What is the Galois group of $\frac{x^{2n}+1}{x^2+1}$ over $\mathbb{Q}$?

Question

I am trying to compute the Galois group of $h_n(x^2) = \frac{x^{2n}+1}{x^2+1}$ where $n$ is odd $\ge 3$ and $h_n(x) = \frac{x^{n}+1}{x+1}$. As a first step I computed the Galois group of $h_n(x)$. We have $h_n(x) = \prod_{d|n,d>1} \phi_d(-x)$ where $\phi_d(x)$ is the $d$-cyclotomic polynomial. From this we get $h_n(-x)(x-1)= \phi_1(x)\prod_{d|n,d>1}\phi_d(x) = \prod_{d|n} \phi_d(x) = x^n-1$. Hence it follows that $Gal(h_n(x)) = Gal(h_n(-x)(x-1)) = Gal(x^n-1) = (\mathbb{Z}/n\mathbb{Z})^*$ Let $H$ be a finite group which operates on $n-1$ elements and let $G$ be another finite group. Then $|G\wr H| = |G|^{n-1} |H|$ where $\wr$ denotes the wreath product. My conjecture is that $Gal(h_n(x^2))$ has something to do with the wreath product. As a first guess one might say that: $Gal(h_n(x^2)) = C_2 \wr (\mathbb{Z}/(n\mathbb{Z}))^*$ from which it would follow that $|Gal(h_n(x^2))| = 2^{n-1}\varphi(n)$, where $\varphi(n)$ is the Euler-Phi function. But computations with GP-Pari show that when $n = 5$ then $|Gal(h_n(x^2))| = 2^3 \neq 2^6=2^{5-1}\varphi(5)$. Hence the conjecture can not be true. Has somebody an idea what the group $Gal(h_n(x^2))$ might be? (With or without proof).

Answer 1

Let $$\zeta=e^{\pi i/2n}$$ be a primitive complex root of unity of order $4n$.

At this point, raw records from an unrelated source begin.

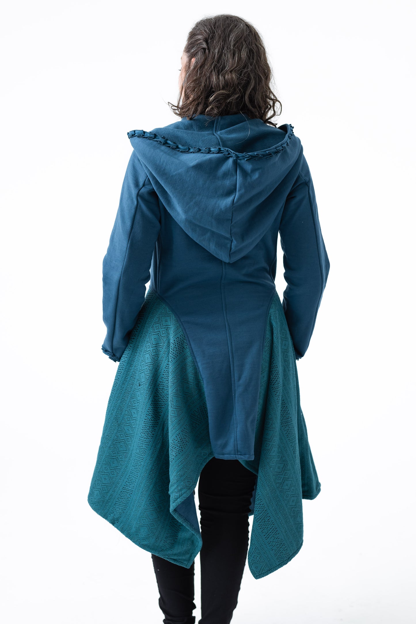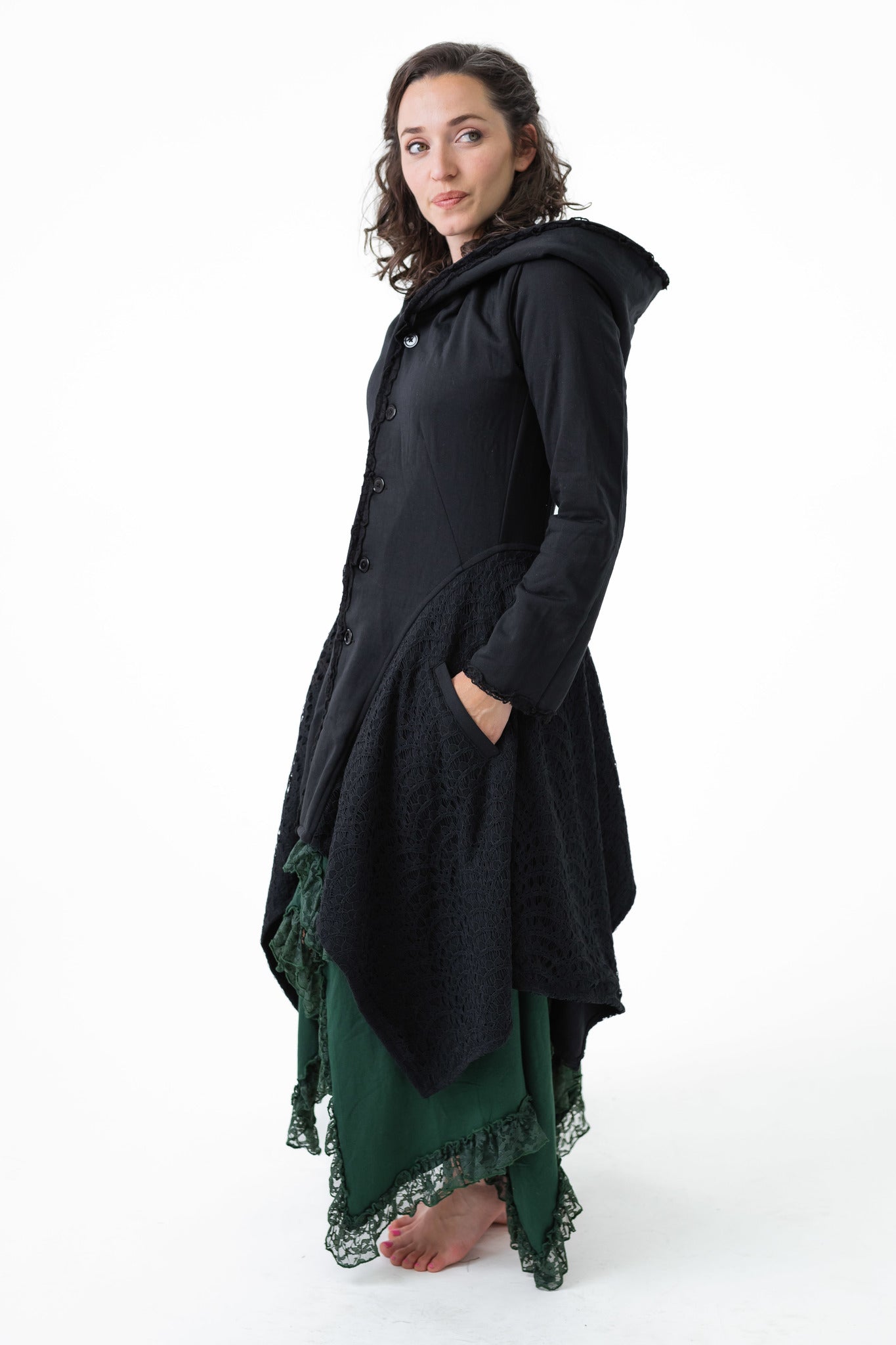 A modern twist on an old pattern. The soft cotton loop net used is washable, warm, and easy to wear. This current model is only available in black plain or black with crochet accents. Wear it with skirts for a Gothic, vintage witch look. Pair it with leggings and boots for the sexy funky look. This is a perfect addition as it will never seem dated or out of style. Every time you wear it you are guaranteed compliments and comfort.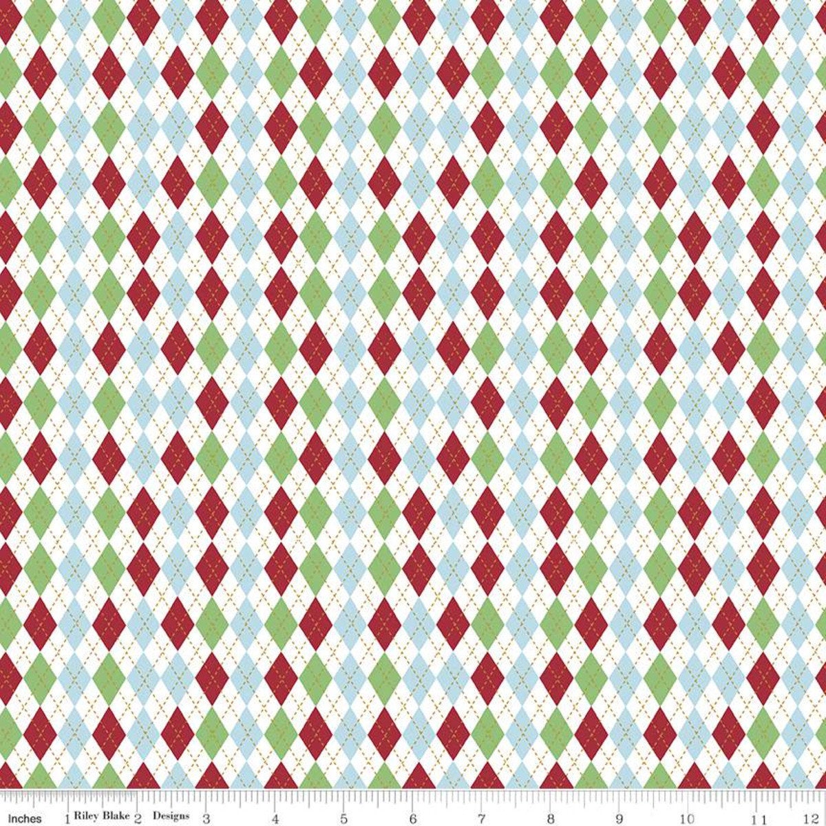DEAL Christmas Adventure Argyle SC10736 White SPARKLE - Riley Blake Designs - Gold SPARKLE Diamonds Blue Red White Green - Quilting Cotton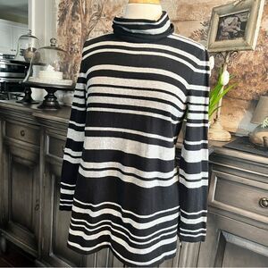 Liz Claiborne Black and White Striped Turtleneck Sweater Size Lg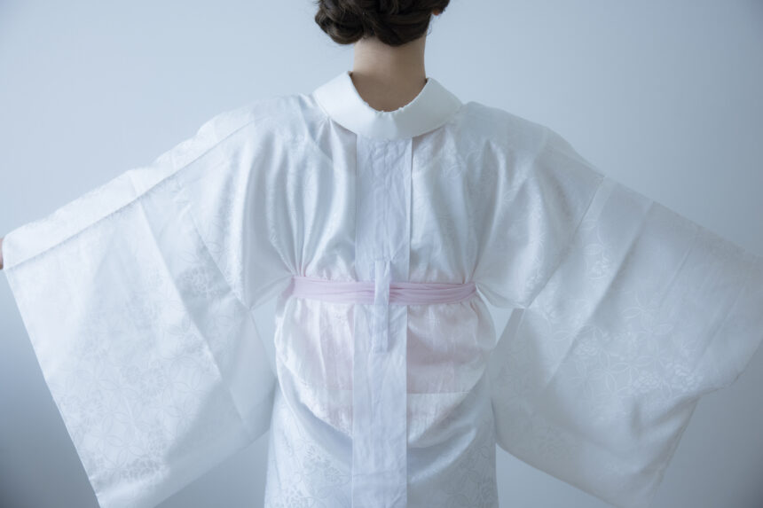着物用の肌着のこと。汗や埃がついて着物が汚れることを防ぐ役割がある。「肌襦袢(はだじゅばん)」、「長襦袢(ながじゅばん)」、「半襦袢(はんじゅばん)」の三種類がある。肌襦袢は、いちばん下につける上半身だけのもので、汗などを吸収しやすいように白の綿素材で作られている。長襦袢は肌襦袢の上に着る着物に似た形の肌着で、半衿を付けると着物を重ねてきているような効果を出せる。袖や裾から少し見えることもあるので、色や柄にこだわるとより着物の面白さが味わえる。半襦袢は、肌襦袢に半衿が付いているもので、丈が短いので裾除けと一緒に付けるのが一般的。半襦袢をつけたときには、長襦袢は着用しない。

Because $h_n(x^2)\mid x^{4n}-1$ all the zeros of $h_n(x^2)$ are some powers of $\zeta$. Because $n$ is odd, $n>1$, we see that $\zeta$ is a zero of $h_n(x^2)$.

Therefore the splitting field of $h_n(x^2)$ is the $4n$th cyclotomic field $K=\Bbb{Q}(\zeta)$. It is well known that $$ \operatorname{Gal}(K/\Bbb{Q})\simeq(\Bbb{Z}/4n\Bbb{Z})^* $$ is of order $\phi(4n)=2\phi(n)$. This matches with what GP-Pari told you.